[ih] Another TCP Reference Implementation
Jack Haverty
jack at 3kitty.org
Mon Apr 22 16:21:22 PDT 2013
On Mon, Apr 22, 2013 at 12:44 PM, Bob Braden <braden at isi.edu> wrote:
Those were truly fun times. Jack and Vint, is there an authoritative
list of the six reference implementations?
=======================================
Hi Bob! Yes, fun times.
I'm not sure what makes an implementation a "reference
implementation". I did find my old manila folder labelled "TCP
Meeting Bakeoff 1/27-29/1979", which has documents on the "scoring"of
the "TCP Testing Session" with schedule for Saturday, 27 January 1979
10:00 - Discussion of Procedures; 10:30 - Testing Begins" Since
that session was where lots of things like checksums were hammered out
to achieve NxN interoperability, perhaps those are the "reference"

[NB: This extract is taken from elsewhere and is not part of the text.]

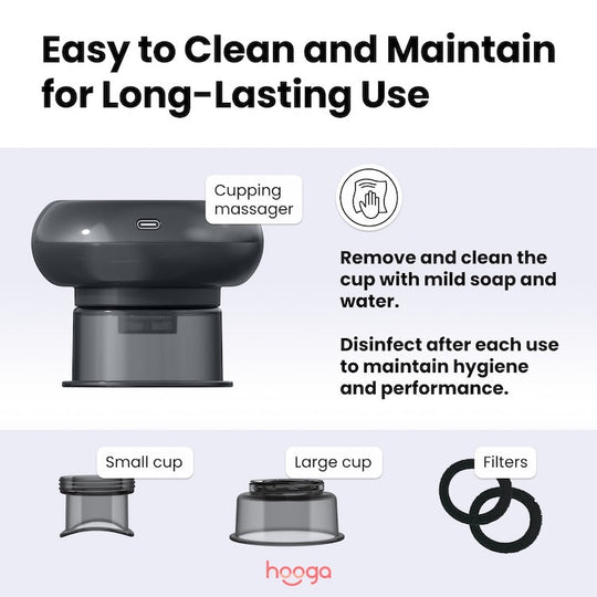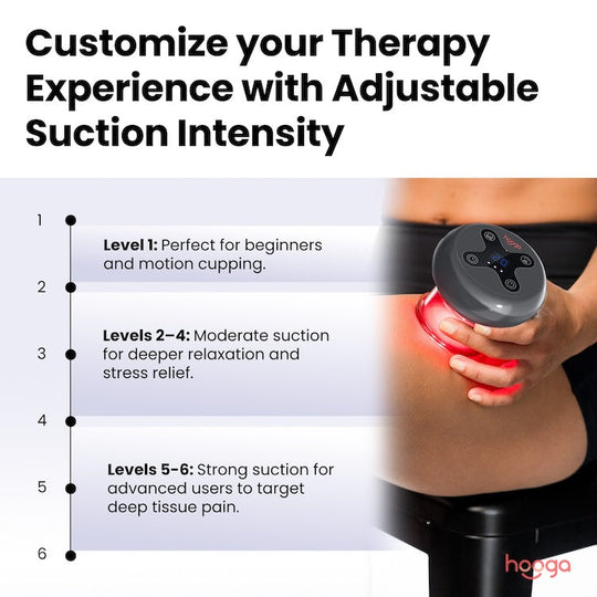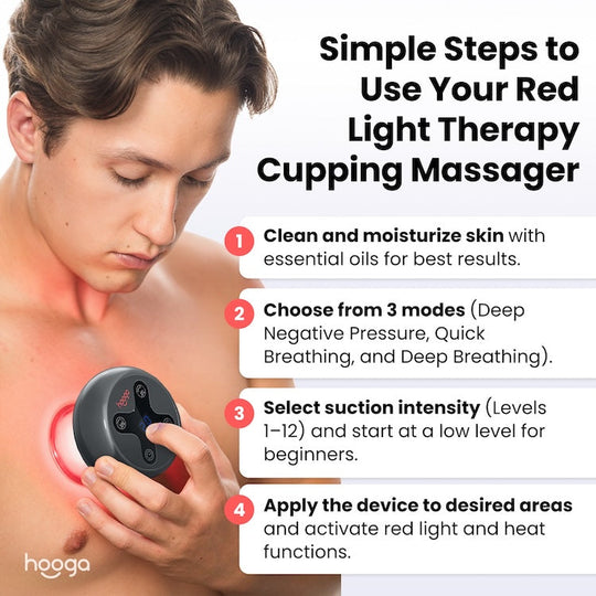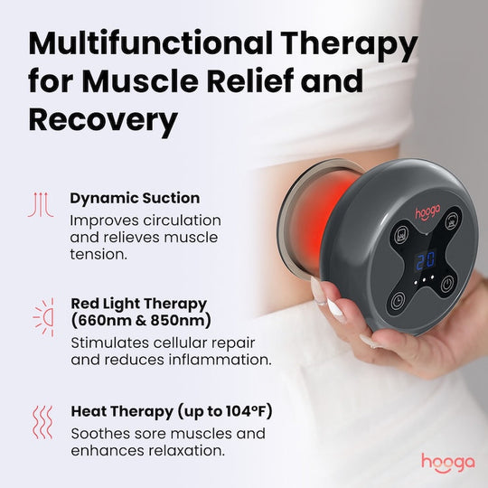 Hooga Red Light Therapy Smart Cupping Massager Hooga Smart Cupping Massager with Red & Near-Infrared Light Overview The Hooga Smart Cupping Massager combines dynamic cupping suction, red and near?infrared light, heat and vibration into a rechargeable,...Regular price $60.00Regular price $60.00 -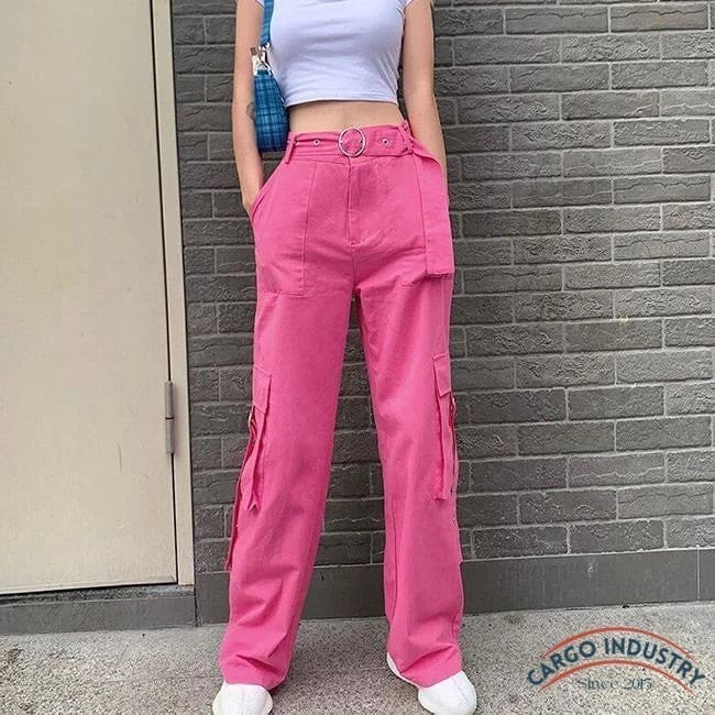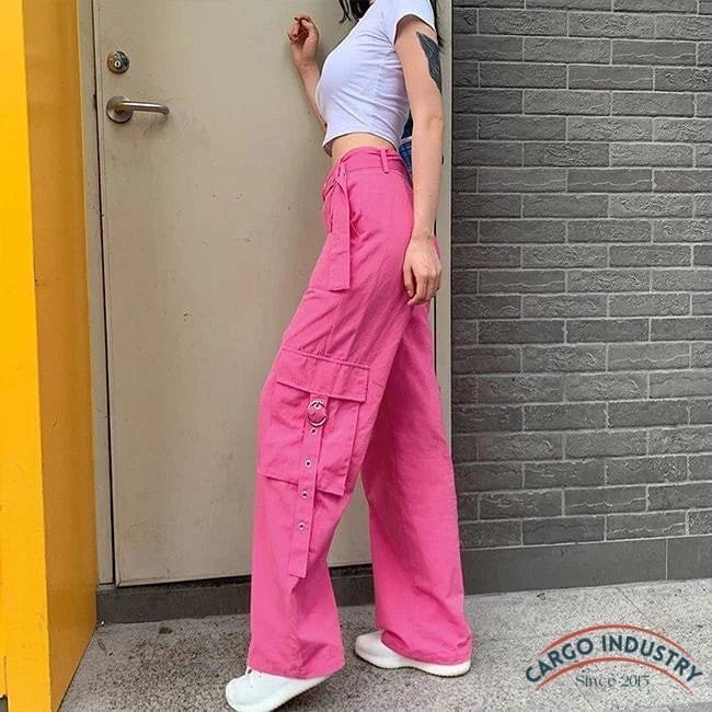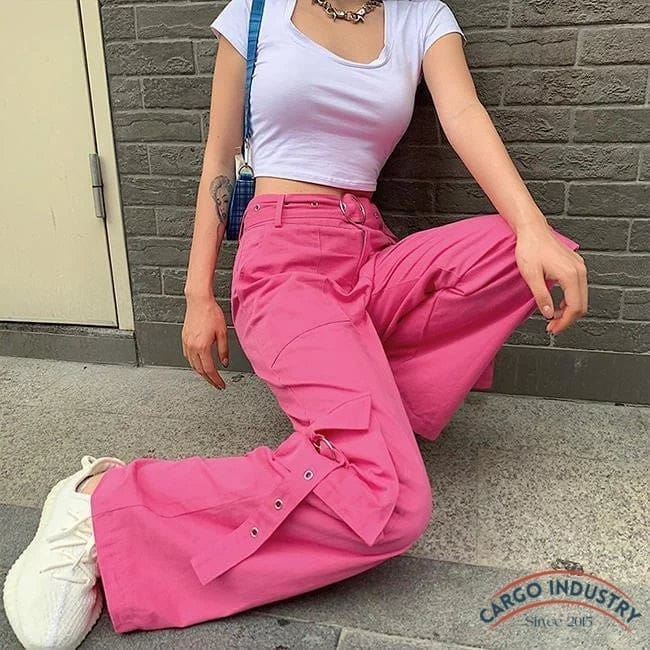 Pantalon cargo rose large pour femme

implementations? I remember we subsequently documented what the test
TCPs actually did to create the next TCP spec.
Anyway, the regular TCP Meeting was the following Monday, and the
printed list of attendees includes Haverty, Plummer, Tomlinson,
Wingfield, Cerf, Cain, McFarland, Grossman, Abramovitz, Biba. Cohen,
Postel, Chiappa, Clark, Stensby, Sunshine, Davie, Masterman, Mathis,
Poggio, Cringle, Meyne, and Braden.
I assume that list includes the people who were at the prior Saturday
Bakeoff, so the TCPs involved were likely:
Haverty - PDP11 Unix
Plummer - PDP10 Tenex (or TOPS20?)
Wingfield - PDP11 Unix (11/70)
Clark - Multics
Mathis - LSI11
Braden - 360
TCP implementations had been around for over a year prior to this.
Also, this was the time when the TCP3 spec was being hammered out. I
found a bunch of notes about that, as well as a copy of the January
1978 "Specification of Internetwork Transmission Control Program TCP
Version 3" by Cerf and Postel, along with a "Transmittal Letter"
listing 2 pages of issues to be resolved in the next edition. As I
recall, the "next edition" was TCP 4.
There were other TCP implementations going on, but I think the
"Bakeoff" was where the nitty gritty details got ironed out and nailed
down -- like exactly how the various pieces of the headers got
calculated in the checksum -- and that led to interoperability. But
there were also implementations in progress at Ford, DTI, BBN (HP3000,
Vax, TIP), and elsewhere (UCL?)
Also found a piece of paper -- "The First Traditional TCP Bakeoff
Special Award Jack Haverty" signed (in ink, no printed signatures
here!) by Dr. Vinton G. Cerf. I can't recall what the award was for
though. Must be a collectors' item...
Jon must have written up a report on the results of the tests. Still
digging around in the garage....
/Jack
PS - was someone looking for an official TCP version 3 spec?